----- Dataset

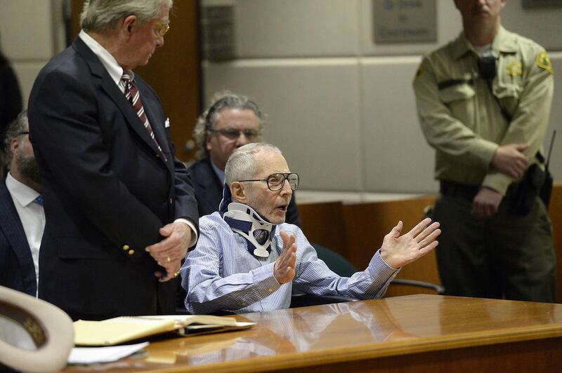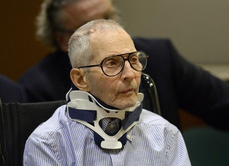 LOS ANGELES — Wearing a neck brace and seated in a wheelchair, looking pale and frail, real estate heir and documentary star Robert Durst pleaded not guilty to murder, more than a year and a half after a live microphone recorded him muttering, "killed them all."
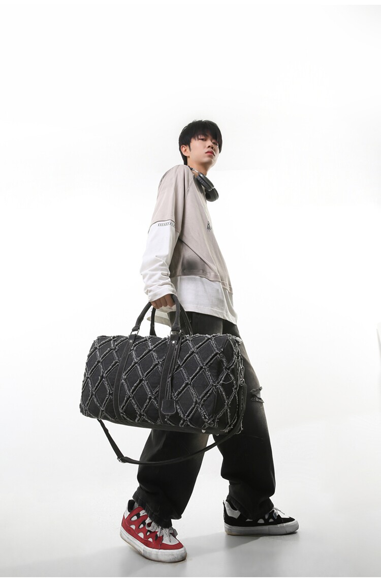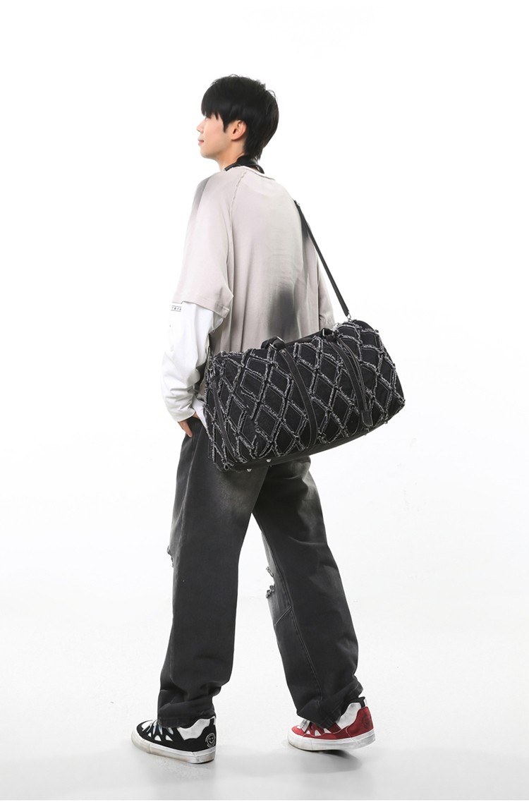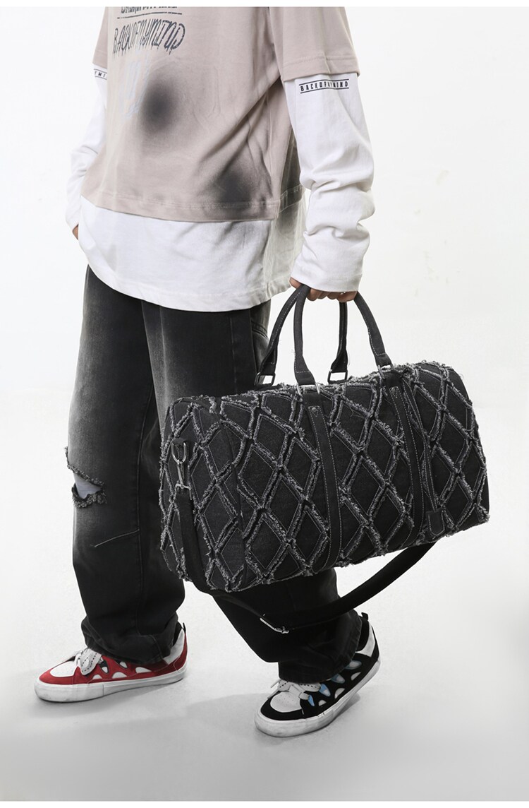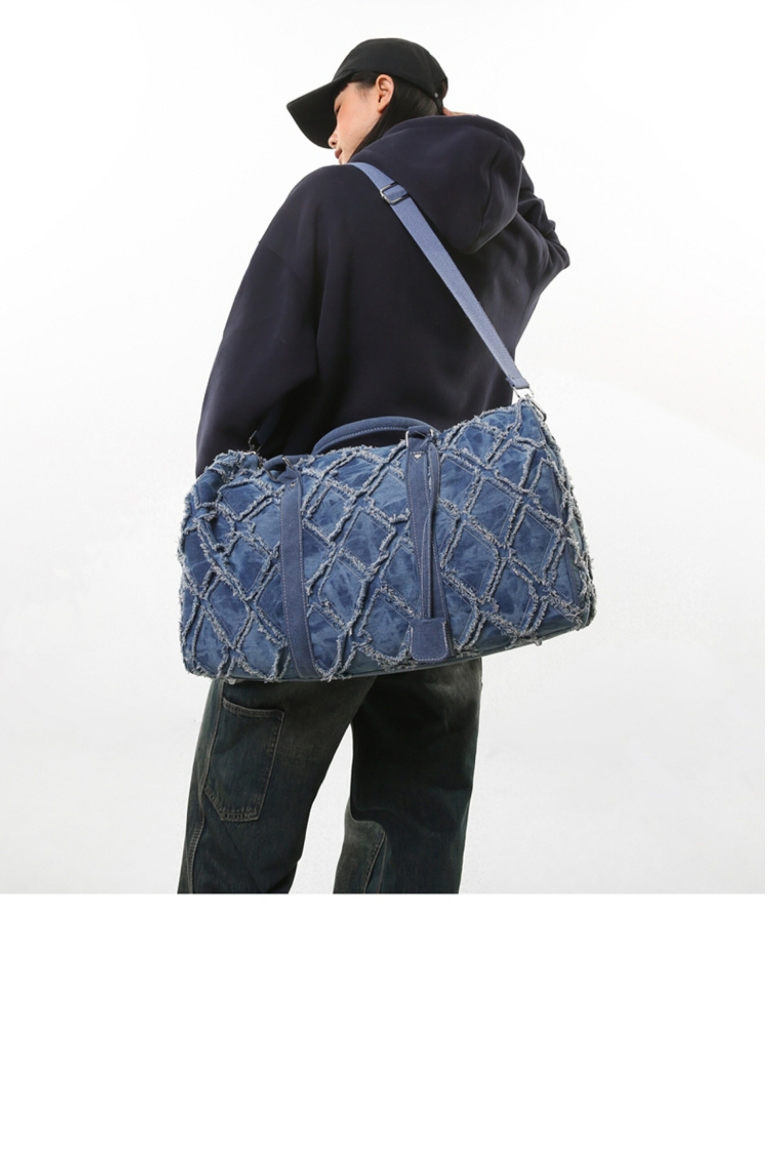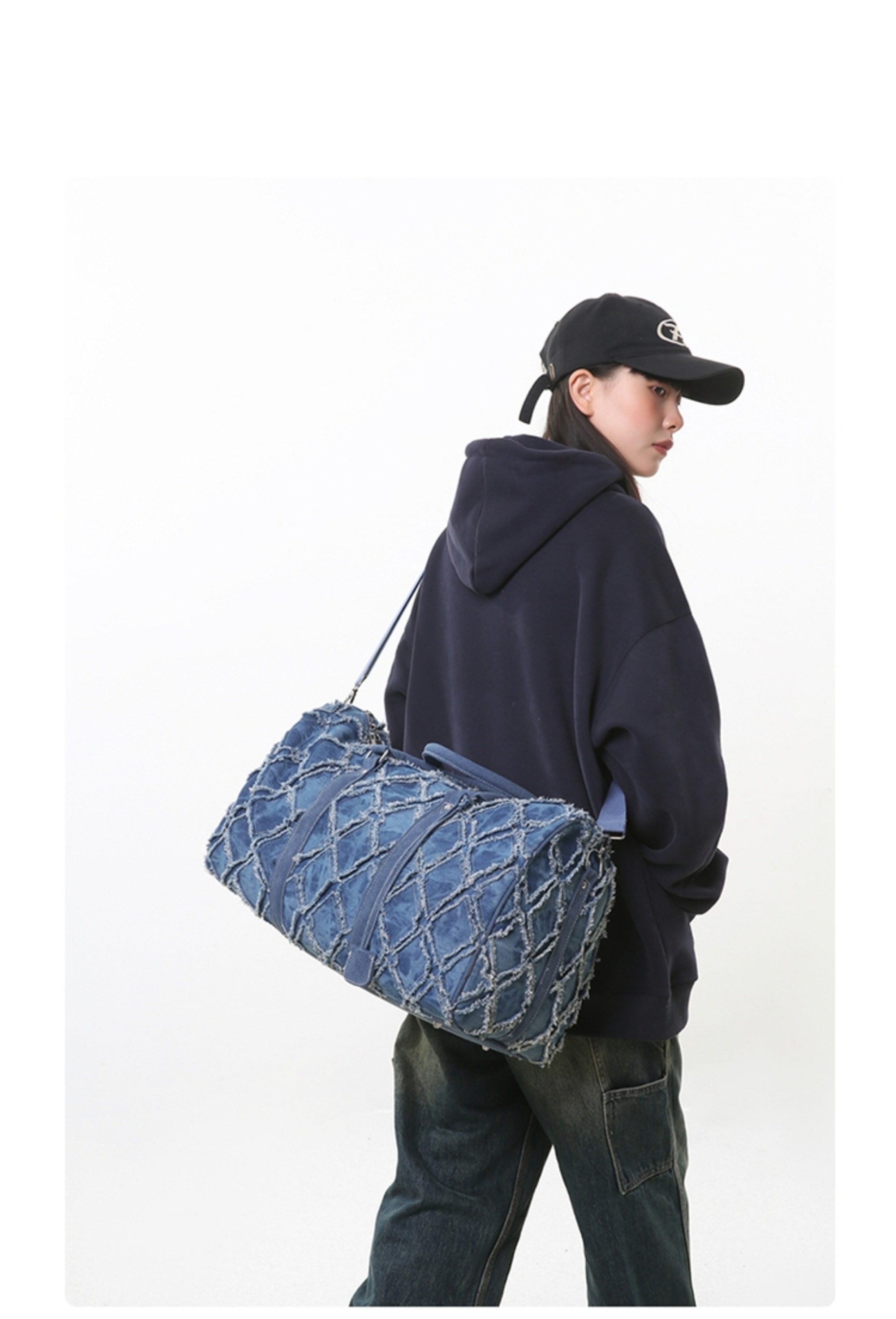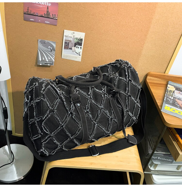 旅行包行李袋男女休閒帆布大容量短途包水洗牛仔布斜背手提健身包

----------
----- Dataset

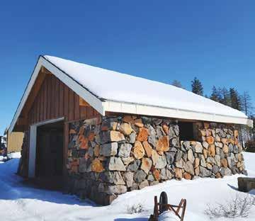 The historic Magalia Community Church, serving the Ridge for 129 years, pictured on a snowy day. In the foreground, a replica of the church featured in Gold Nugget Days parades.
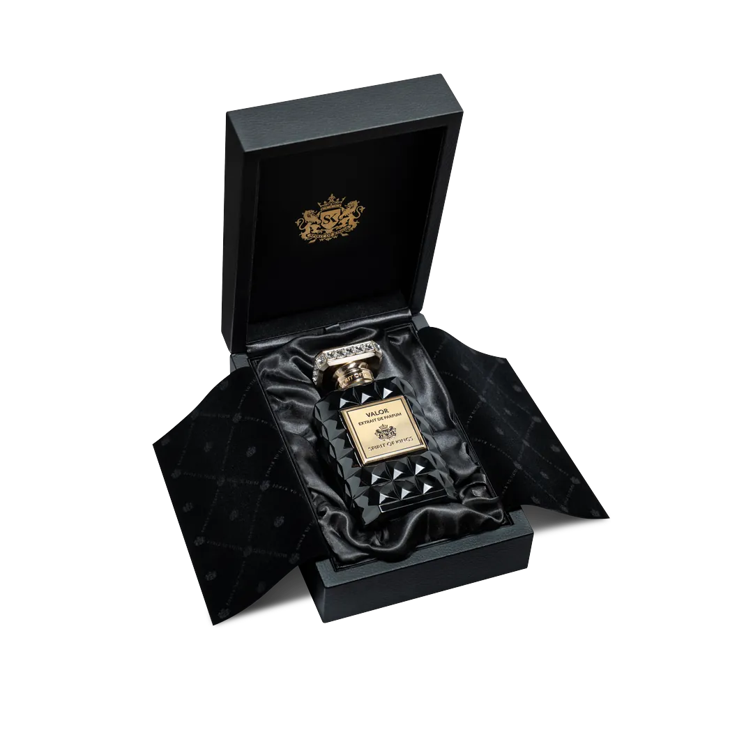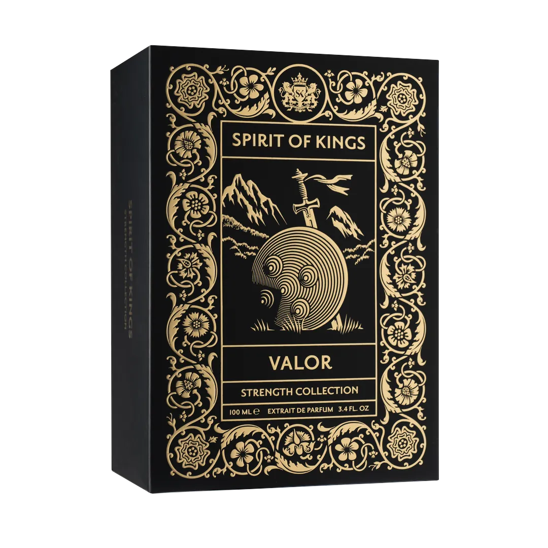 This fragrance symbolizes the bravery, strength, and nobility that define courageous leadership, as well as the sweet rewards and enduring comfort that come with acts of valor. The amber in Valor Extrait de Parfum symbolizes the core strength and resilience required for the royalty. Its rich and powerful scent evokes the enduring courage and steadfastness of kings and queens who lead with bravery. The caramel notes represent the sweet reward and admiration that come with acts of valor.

----------
----- Dataset

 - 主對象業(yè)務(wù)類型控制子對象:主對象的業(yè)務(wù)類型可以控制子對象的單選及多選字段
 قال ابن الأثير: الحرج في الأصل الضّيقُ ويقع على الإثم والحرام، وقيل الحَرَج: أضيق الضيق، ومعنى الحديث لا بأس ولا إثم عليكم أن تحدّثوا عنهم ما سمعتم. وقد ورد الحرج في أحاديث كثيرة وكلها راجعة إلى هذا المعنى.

----------

Exercise objective »
Reproduce the data above exactly, but only from the line containing "LOS ANGELES —" through the line containing "旅行包行李袋男女休閒帆布大容量短途包水洗牛仔布斜背手提健身包"; skip the pictures.

Result of this exercise »
 LOS ANGELES — Wearing a neck brace and seated in a wheelchair, looking pale and frail, real estate heir and documentary star Robert Durst pleaded not guilty to murder, more than a year and a half after a live microphone recorded him muttering, "killed them all."
 旅行包行李袋男女休閒帆布大容量短途包水洗牛仔布斜背手提健身包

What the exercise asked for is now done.